My question is: why do both integer and floating-point multiplication execute faster than their addition counterparts? It is a small factor, but it is consistent across numerous tests. In TAOCP Knuth lists ADD as taking 2 units of time while MUL takes 10. Did something change in CPU architecture since then?
Different instructions take different amounts of time on the same CPU; and the same instructions can take different amounts of time on different CPUs. For example, for Intel's original Pentium 4 shifting was relatively expensive and addition was quite fast, so adding a register to itself was faster than shifting a register left by 1; and for Intel's recent CPUs shifting and addition are roughly the same speed (shifting is faster than it was on the original Pentium 4 and addition slower, in terms of "cycles").
To complicate things more, different CPUs may be able to do more or less at the same time, and have other differences that effect performance.

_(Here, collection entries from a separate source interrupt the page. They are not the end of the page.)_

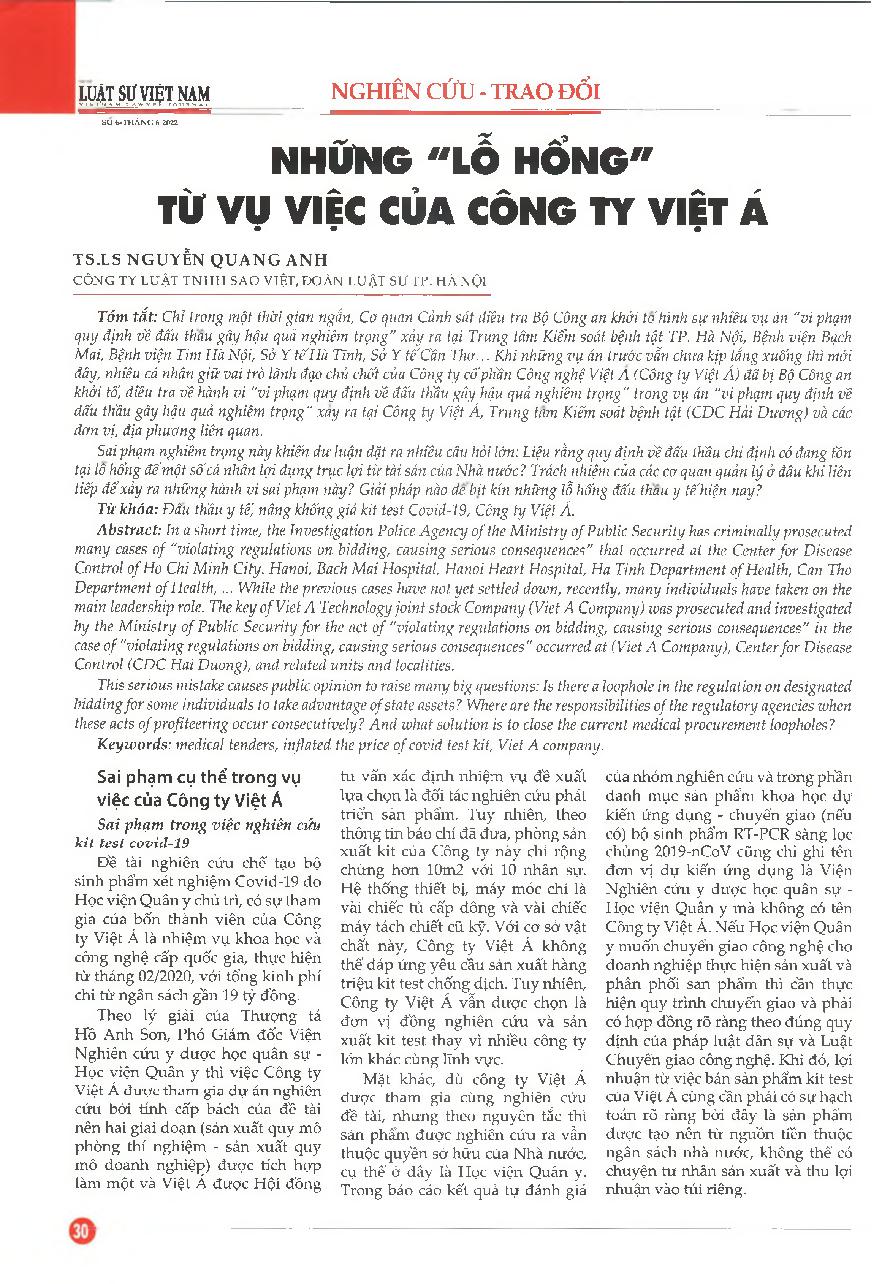 Những "lỗ hổng" từ vụ việc của Công ty Việt Á = Loopholes from the case of Viet A Company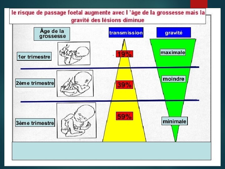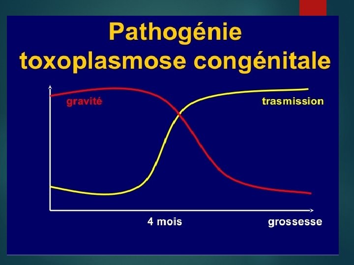 Toxoplasmose congénitale en période périconceptionnelle Rare mais si elle survenait très grave abortive ou malformative. – une relation inverse entre la fréquence de transmission au fœtus : maximale a la fin de la grossesse et la gravité de la maladie congénitale : plus grave au cours des 2 er trimestres Détectable à l’échographie et justifiant l’ interruption thérapeutique de la grossesse.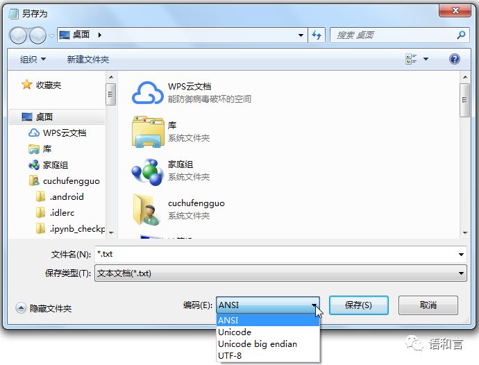 打开Windows的记事本,使用另存为菜单,我们发现“编码”的下拉列表框里有四种选项:

In theory (and not necessarily in practice):
Shifting and boolean operations (AND, OR, XOR) should be fastest (each bit can be done in parallel). Addition and subtraction should be next (relatively simple, but all bits of the result can't be done in parallel because of the carry from one pair of bits to the next).
Multiplication should be much slower as it involves many additions, but some of those additions can be done in parallel. For a simple example (using decimal digits not binary) something like 12 * 34 (with multiple digits) can be broken down into "single digit" form and becomes 2*4 + 2*3 * 10 + 1*4 * 10 + 1*3 * 100; where all "single digit" multiplications can be done in parallel, then 2 additions can be done in parallel, then the last addition can be done.
Division is mostly "compare and subtract if larger, repeated". It's the slowest because it can't be done in parallel (the results of the subtraction are needed for the next comparison). Modulo is the remainder of a division and essentially identical to division (and for most CPUs it's actually the same instruction - e.g. a DIV instruction gives you a quotient and a remainder).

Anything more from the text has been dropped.